Welcome to Wimbledon.
Having escaped the bubble several years ago, I find myself launched amongst Wombles, South Africans and Public School kids all over again. Shockingly incestuous for a SUBURBAN place. Bar hopping along the broadway you too can become spectator to many a drama unfold.
"Little S" and "M" were seen away from "N" early in the night as they ventured further afield than the Suburban Bar and Lounge.

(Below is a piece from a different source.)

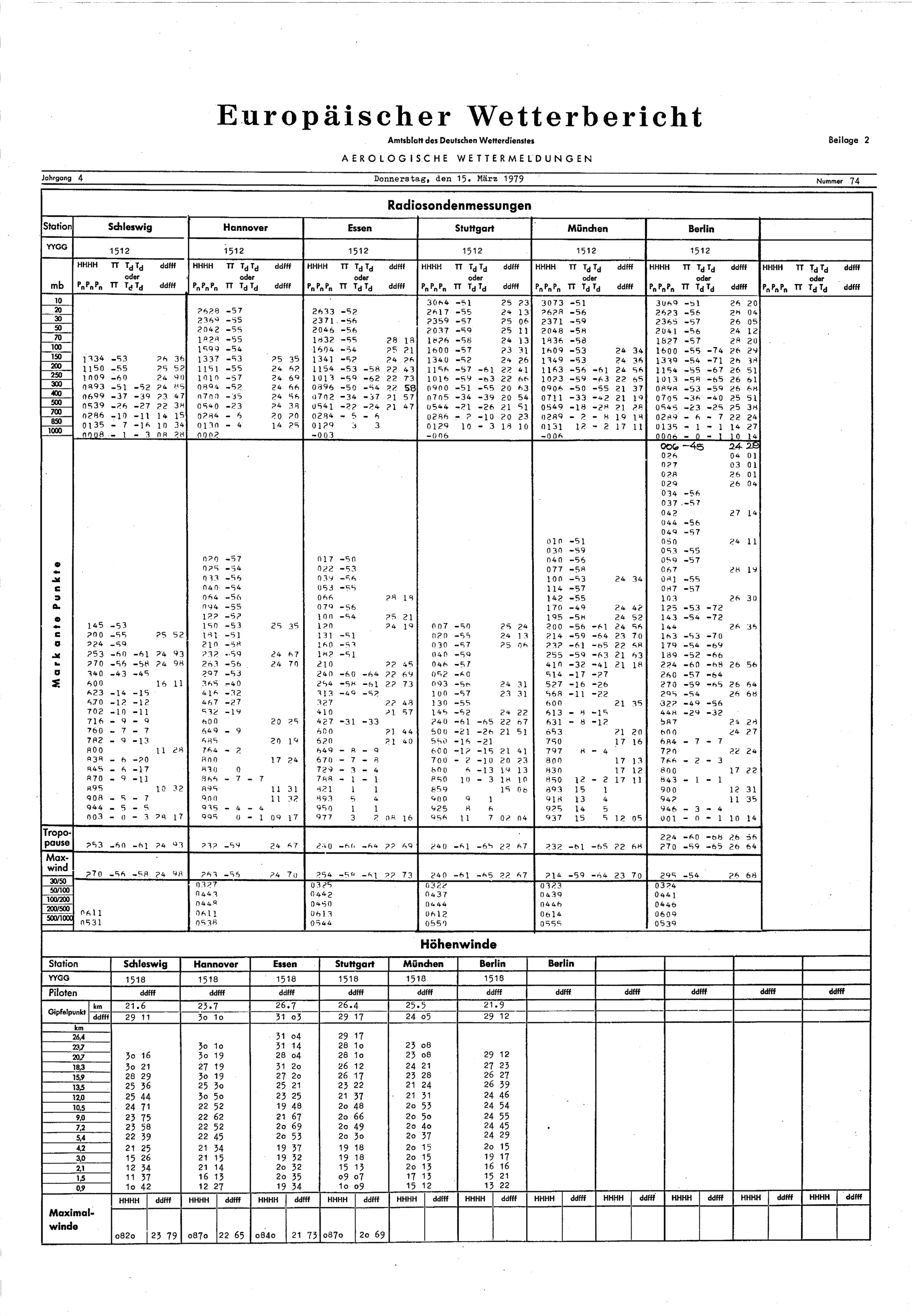 Europäischer Wetterbericht. Beilage 1, Bodenwettermeldungen. 1976-1994

Rumor has it that "N" wanted to see a certain "Barman R"... This is all speculation of course. "N" was accompanied by "E" and "R".
"Little S" and "M" couldn't stay away for long though, stopping in suburban long enough for "Little S" to relieve herself.
"NI" was seen emerging from ladies toilets wiping her lips... only seconds later a rather pleased "J" emerged from same cubicle. You do the math.
"Mayor" was seen insulting "R"... we only hope that she can recover from such a comment, presumably about her shrinking dress size.
"N" was seen last night on the steps of Wimbledon theatre eating chicken with R waiting for "Mayor" to get free entrance into Bar Sia. Interesting, I thought "R" was not welcome when "N" and "E" venture out together...
"N" was seen leaving BarSia without "Barman R".
"Mayor" is said to be fed up of all the dramas of Wimbledon and that he's fed up of sorting everyones problems out. Give over Mayor, you love it.